Pada tahun lalu, kebutuhan BBM di dalam negeri berada pada kisaran 1,12 juta barel per hari dengan kapasitas pengolahan eksistis 641.000 barel per hari. Dengan demikian, terdapat impor BBM sebesar 381.000 barel per hari untuk mencukupi kebutuhan dalam negeri.
Satu dekade kemudian, DEN memproyeksikan kebutuhan BBM dalam negeri berada pada kisaran 1,55 juta barel per hari yang akan dipasok dari produksi kilang yang ada sebesar 641.000 barel per hari dan tambahan produksi dari kilang baru sebesar 532.000 barel per hari. Indonesia diproyeksikan sudah tidak lagi mengimpor BBM pada masa itu.
Pada 2040, kebutuhan BBM di dalam negeri bahkan diproyeksikan meningkat hampir dua kali lipat jika dibandingkan dengan kebutuhan pada 2020. Kebutuhan BBM pada 2040 berada pada kisaran 1,98 juta barel per hari.
Dengan dihentikannya impor gasoline dan diesel, penghematan devisa pemerintah sejak 2021—2040 diproyeksikan sebesar US$16,7 miliar per tahun. Namun, hal itu perlu upaya percepatan untuk meningkatkan kapasitas kilang melalui pembangunan satu kilang baru dan empat kilang pengembangan.
Baru-baru ini, Pertamina mengumumkan untuk membatalkan rencana peningkatan kapasitas pengolahan kilang menjadi 2 juta barel.

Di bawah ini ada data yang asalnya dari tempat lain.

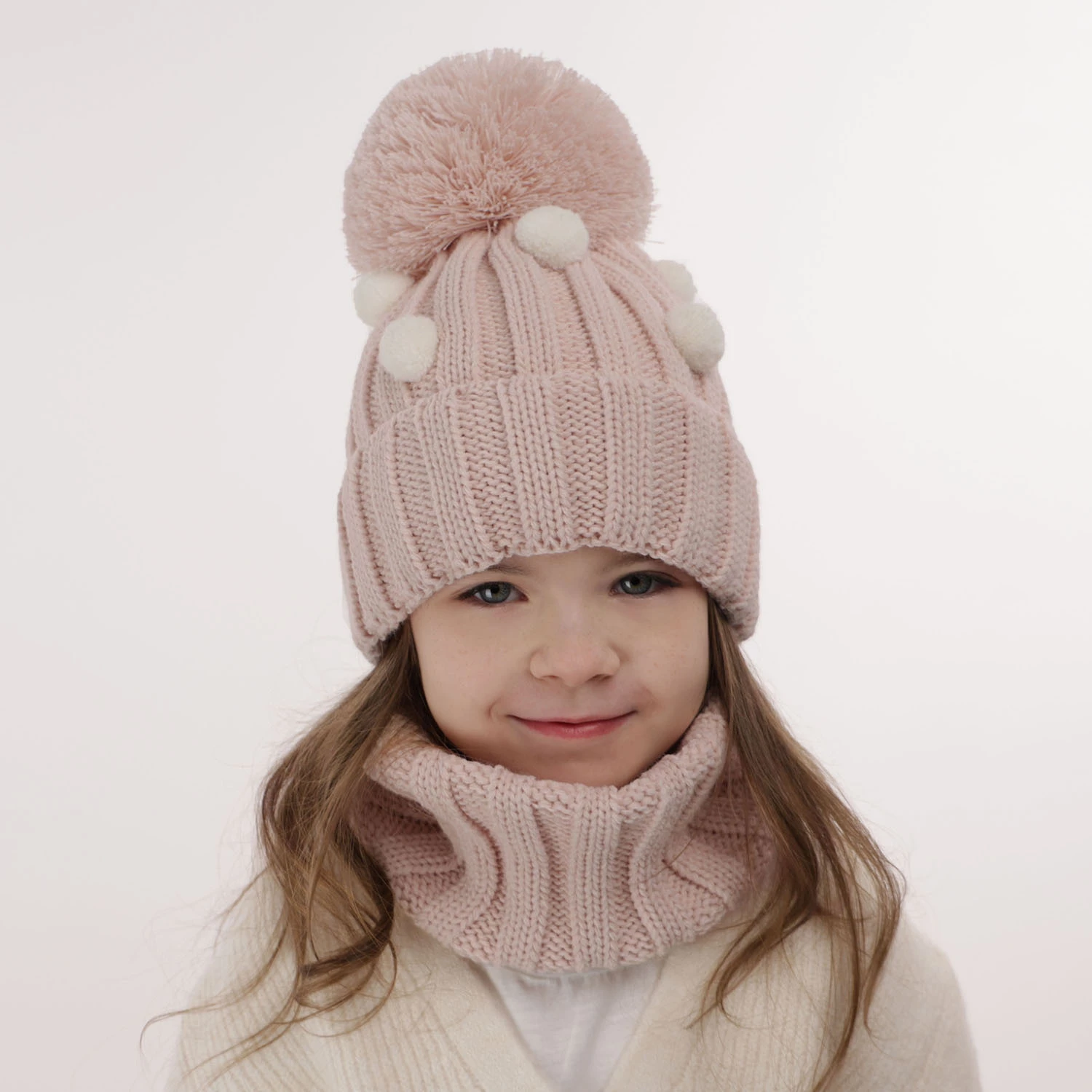 Komplet zimní dívčí: čepice a tunel růžový bambulí Hekate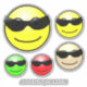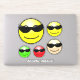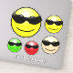 Sticker avec un motif de dessins animés emojis aux visages jaunes, verts, rouges et sépia portant des lunettes de soleil et un sourire. Ajoutez votre nom lorsque vous personnalisez ce modèle. Le sticker vinyle de typographie drôle est 8" x "8 taille. Optez pour la taille 14" x 14" ou l'une des plus petites. Pour votre bureau, pour l'école ou juste pour l'avoir.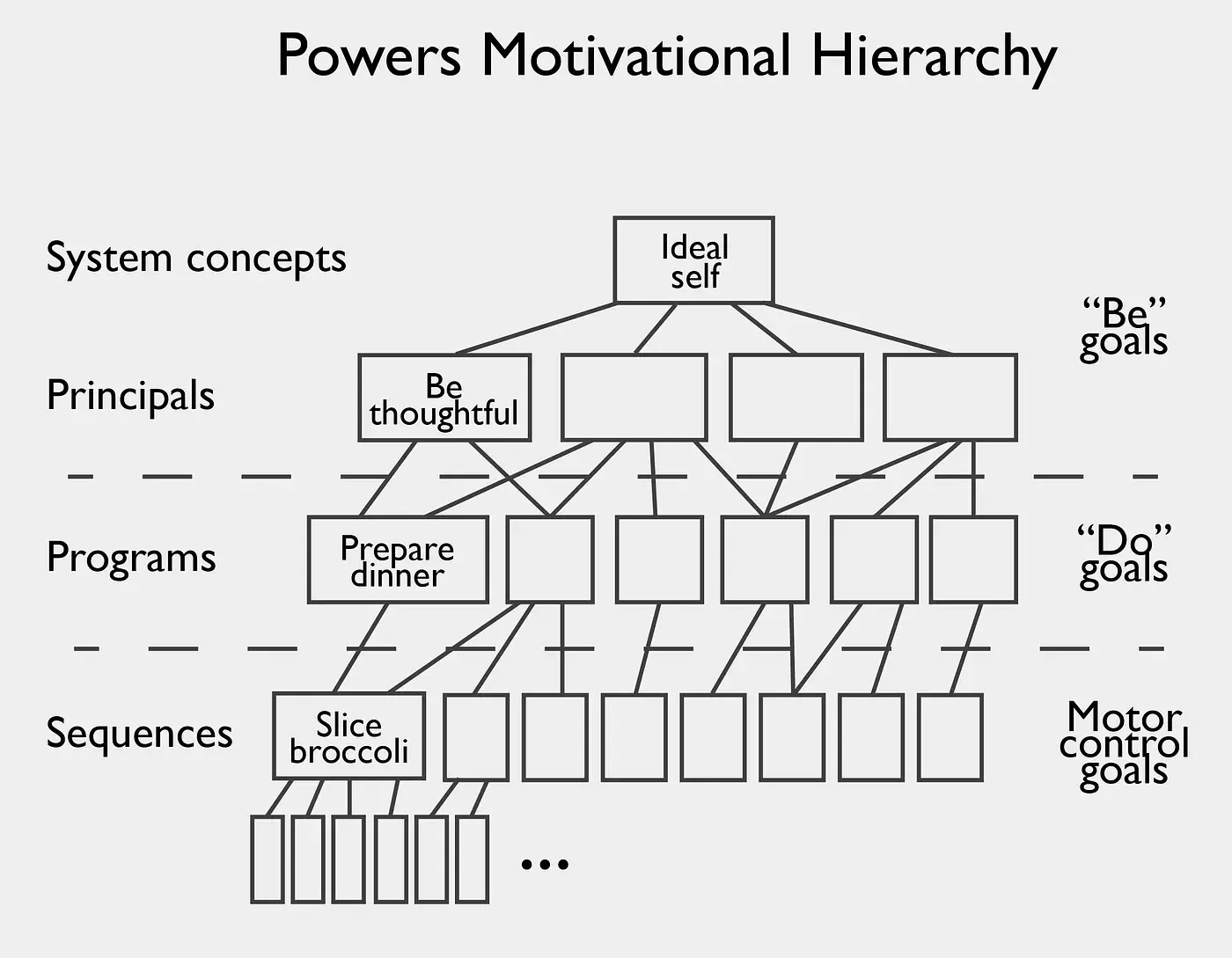 Иерархия целей Уильяма Пауэрса (1973a, 1973b) является широко признанной моделью взаимосвязи между теми действиями, которые мы совершаем, и причинами, по которым мы их совершаем. Эта модель не только помогает понять концепцию "Работа для выполнения", но также способствует пониманию других подходов к дизайну и инновациям.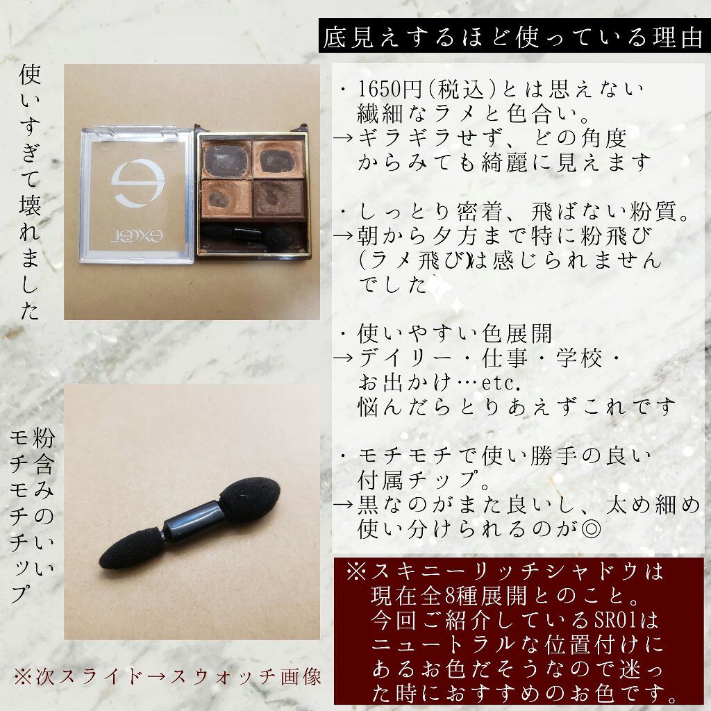 プチプラのブラウン系シャドウといえば、私の中ではエクセルのスキニーリッチシャドウが1番✨ 仕事メイクにぴったりなカラー展開です! しっとりとした粉質でラメも飛びにくく、超優秀😆 オンオフ問わず使えるカラーが揃っているので、1つ持っておくと重宝すると思います😊 スキニーリッチシャドウシリーズはブラウン系カラーが充実していますので、他のカラーも試したくなっちゃう☺️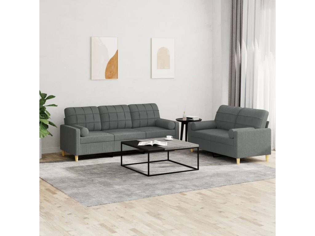 2dílná sedací souprava s polštáři tmavě šedá textil 3201323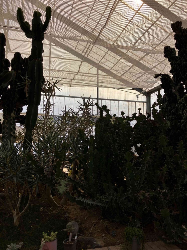 ハナキリンの小径を通ってもうすぐ咲きそうなリュウゼツラン、サボテンが2メートルくらいでこのジャングル感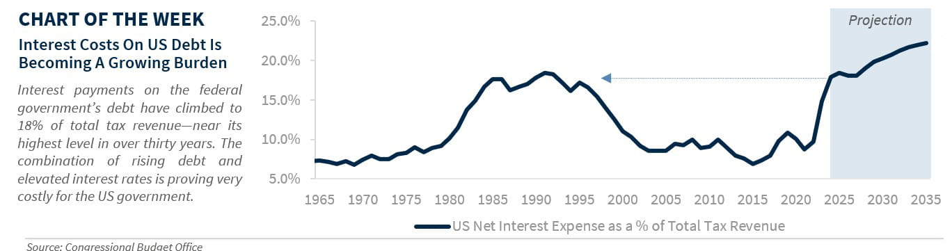 • Rising National Debt—The US national debt is climbing at an unsustainable pace—now over $37t and projected to hit $50t within the next decade. The combination of soaring debt and elevated interest rates is proving costly, with interest payments now the 2nd largest item in the federal budget, consuming 18% of total revenues in FY24—up from 11% in FY19. As pandemic-era debt issued at ultra-low rates gets refinanced at today’s higher levels, the average cost to service the debt has jumped to ~3.4%, up from just 1.5% in 2022. These mounting costs are a key reason why President Trump and the Treasury Dept. have been laser-focused on pushing interest rates lower.

Keputusan itu dibuat seiring dengan kajian tentang perkembangan kendaraan listrik dan energi baru terbarukan yang dibahas dengan pemerintah.
Pendiri Reforminer Institute Pri Agung Rakhmanto mengatakan bahwa dengan dinamika perkembangan sektor energi baik global maupun nasional yang ada, strategi dan kebijakan pemenuhan kebutuhan energi nasional perlu dikaji ulang.
"Tepat atau tidaknya, tidak dapat kita katakan sekarang. Semua bergantung pada skenario dan arah kebijakan energi kita sekarang dan ke depannya akan seperti apa," katanya kepada Bisnis, Selasa (8/6/2021).
Menurut dia, pemerintah perlu meninjau kembali proyeksi permintaan dan pasokan energi nasional ke depan yang sudah digariskan dalam Kebijakan Energi Nasional. Dinamika itu muncul dari upaya yang didorong pemerintah melalui kendaraan listrik dan industri baterai, PLTS yang akan mempengaruhi pasokan dan permintaan energi ke depannya.
Di samping itu, pemerintah perlu merevisi perpres Presiden terkait dengan status proyek kilang sebagai PSN apabila memang direstui.
"Iya [direvisi]. Kalau disetujui pemerintah untuk diubah ya, berarti seperti itu konsekuensinya. Termasuk juga dokumen KEN," ungkapnya.
Pengamat ekonomi energi Universitas Gadjah Mada Fahmy Radhi berpendapat bahwa untuk mencapai 2 juta barel per hari tidak mungkin hanya menggunakan kilang yang ada, yang mayoritas sudah tua.
Mau tidak mau, Pertamina harus membangun kilang baru. Namun, hingga sekarang belum ada kepastian Pertamina mampu membangun kilang baru.
"Kalau Pertamina gagal mencapai 2 juta barel per hari, impor BBM semakin membengkak hingga target mengurangi impor BBM pada 2030 tidak akan pernah tercapai," katanya kepada Bisnis, Selasa (8/6/2021).